**ABOUT THIS EXERCISE**:
Your response should be an exact transcription of the data, images excluded.
(PROVIDED DATA)
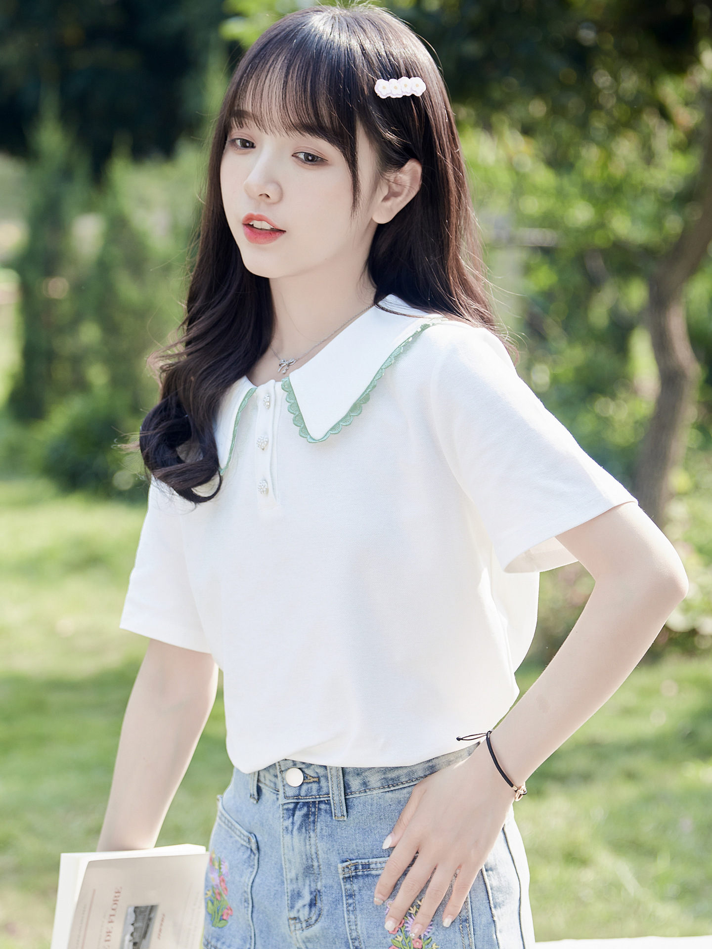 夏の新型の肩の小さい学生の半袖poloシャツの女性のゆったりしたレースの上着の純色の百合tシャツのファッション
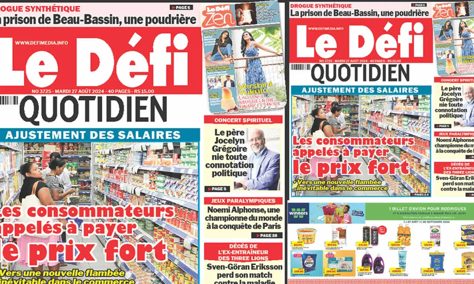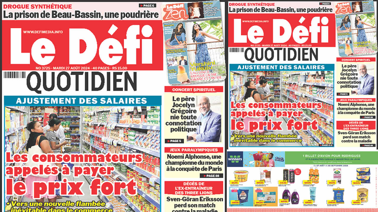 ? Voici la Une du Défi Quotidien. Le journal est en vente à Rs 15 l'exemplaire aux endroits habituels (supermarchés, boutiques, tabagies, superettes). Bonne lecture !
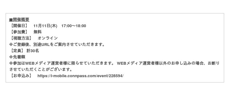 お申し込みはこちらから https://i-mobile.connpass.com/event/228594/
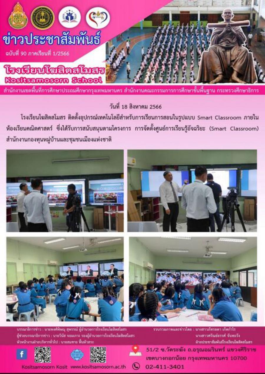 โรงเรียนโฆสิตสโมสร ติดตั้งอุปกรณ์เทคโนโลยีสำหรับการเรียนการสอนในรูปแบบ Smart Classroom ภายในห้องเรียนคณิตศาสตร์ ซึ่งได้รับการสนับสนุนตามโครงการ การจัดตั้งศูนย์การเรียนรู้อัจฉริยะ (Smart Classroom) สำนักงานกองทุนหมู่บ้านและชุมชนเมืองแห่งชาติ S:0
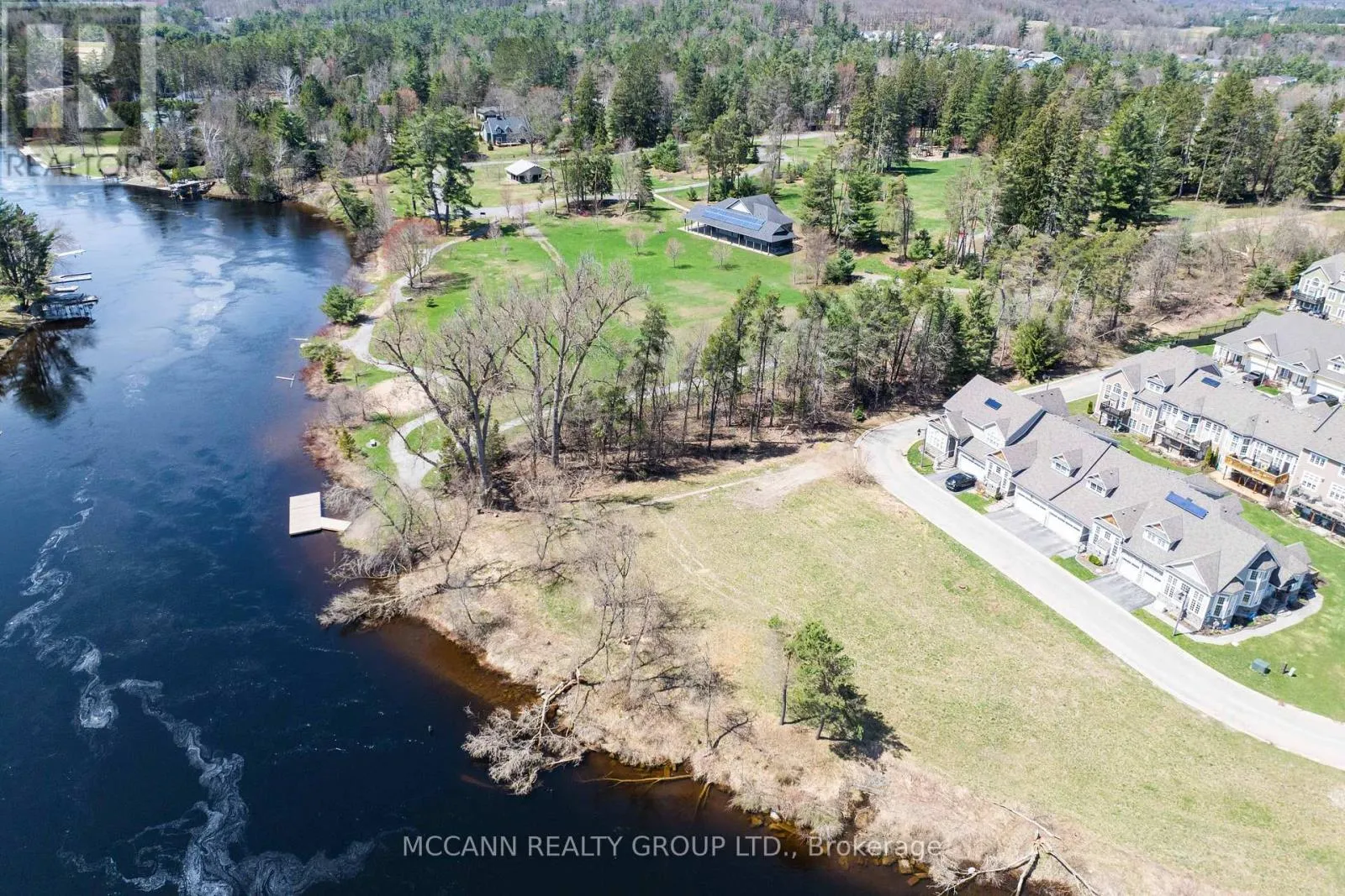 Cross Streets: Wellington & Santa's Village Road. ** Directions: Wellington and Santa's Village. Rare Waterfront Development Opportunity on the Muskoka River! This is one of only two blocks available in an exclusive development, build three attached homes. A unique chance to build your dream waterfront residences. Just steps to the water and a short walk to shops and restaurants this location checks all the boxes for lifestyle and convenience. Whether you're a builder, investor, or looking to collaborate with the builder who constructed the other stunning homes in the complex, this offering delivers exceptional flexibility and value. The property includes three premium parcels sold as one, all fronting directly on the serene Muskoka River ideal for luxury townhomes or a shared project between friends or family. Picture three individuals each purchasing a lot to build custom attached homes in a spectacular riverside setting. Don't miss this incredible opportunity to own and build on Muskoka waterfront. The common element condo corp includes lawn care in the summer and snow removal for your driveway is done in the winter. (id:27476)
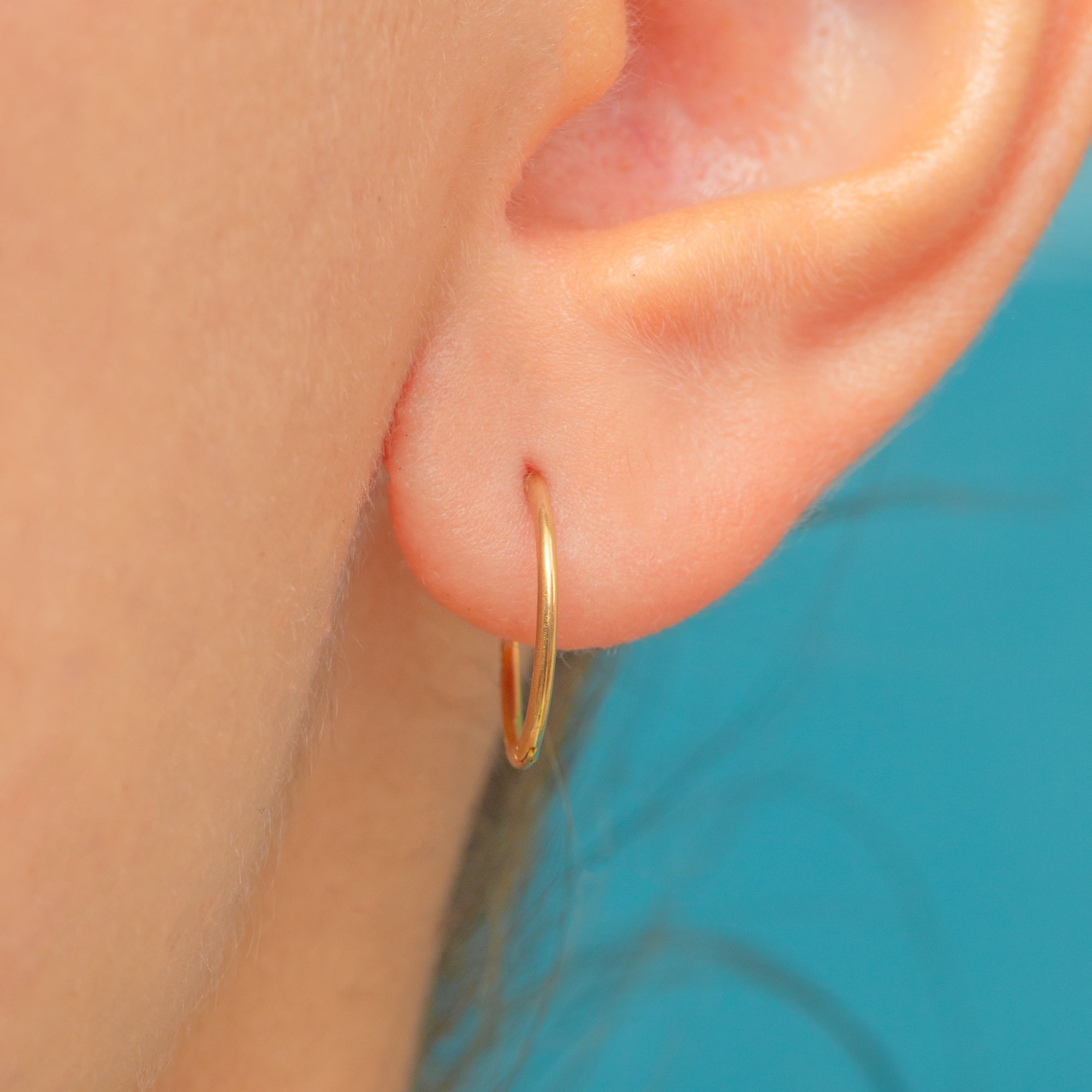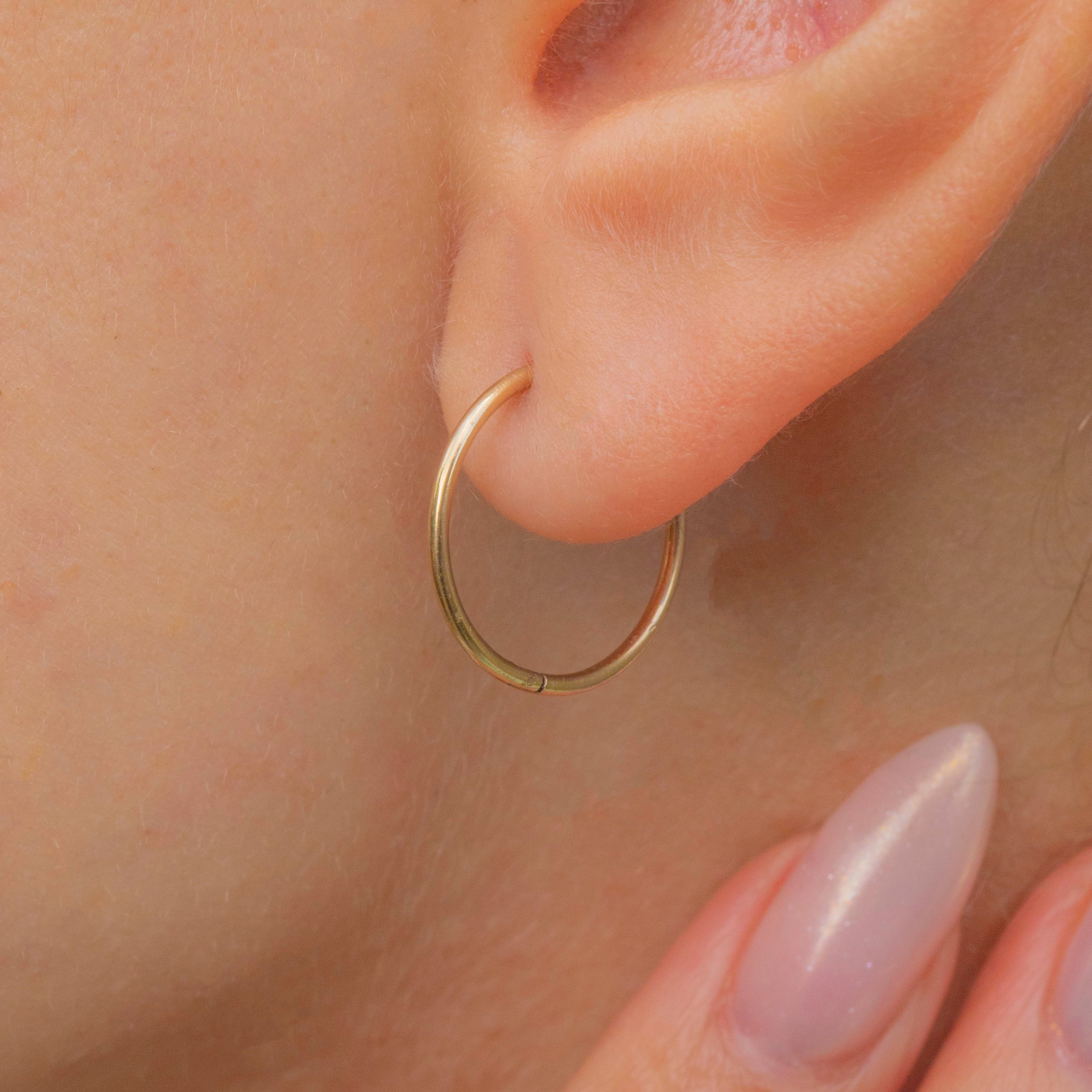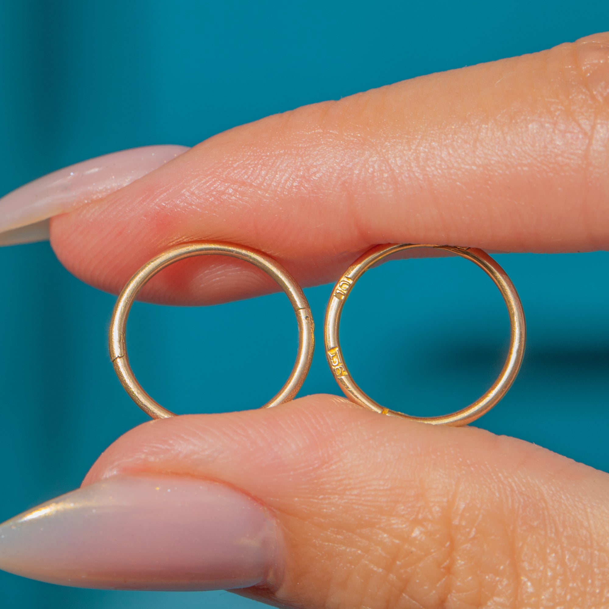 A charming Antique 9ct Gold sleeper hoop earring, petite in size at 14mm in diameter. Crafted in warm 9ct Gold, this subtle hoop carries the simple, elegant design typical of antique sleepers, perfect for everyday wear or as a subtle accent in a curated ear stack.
(End PROVIDED DATA)
**RESULT**:
 夏の新型の肩の小さい学生の半袖poloシャツの女性のゆったりしたレースの上着の純色の百合tシャツのファッション
 ? Voici la Une du Défi Quotidien. Le journal est en vente à Rs 15 l'exemplaire aux endroits habituels (supermarchés, boutiques, tabagies, superettes). Bonne lecture !
 お申し込みはこちらから https://i-mobile.connpass.com/event/228594/
 โรงเรียนโฆสิตสโมสร ติดตั้งอุปกรณ์เทคโนโลยีสำหรับการเรียนการสอนในรูปแบบ Smart Classroom ภายในห้องเรียนคณิตศาสตร์ ซึ่งได้รับการสนับสนุนตามโครงการ การจัดตั้งศูนย์การเรียนรู้อัจฉริยะ (Smart Classroom) สำนักงานกองทุนหมู่บ้านและชุมชนเมืองแห่งชาติ S:0
 Cross Streets: Wellington & Santa's Village Road. ** Directions: Wellington and Santa's Village. Rare Waterfront Development Opportunity on the Muskoka River! This is one of only two blocks available in an exclusive development, build three attached homes. A unique chance to build your dream waterfront residences. Just steps to the water and a short walk to shops and restaurants this location checks all the boxes for lifestyle and convenience. Whether you're a builder, investor, or looking to collaborate with the builder who constructed the other stunning homes in the complex, this offering delivers exceptional flexibility and value. The property includes three premium parcels sold as one, all fronting directly on the serene Muskoka River ideal for luxury townhomes or a shared project between friends or family. Picture three individuals each purchasing a lot to build custom attached homes in a spectacular riverside setting. Don't miss this incredible opportunity to own and build on Muskoka waterfront. The common element condo corp includes lawn care in the summer and snow removal for your driveway is done in the winter. (id:27476)
 A charming Antique 9ct Gold sleeper hoop earring, petite in size at 14mm in diameter. Crafted in warm 9ct Gold, this subtle hoop carries the simple, elegant design typical of antique sleepers, perfect for everyday wear or as a subtle accent in a curated ear stack.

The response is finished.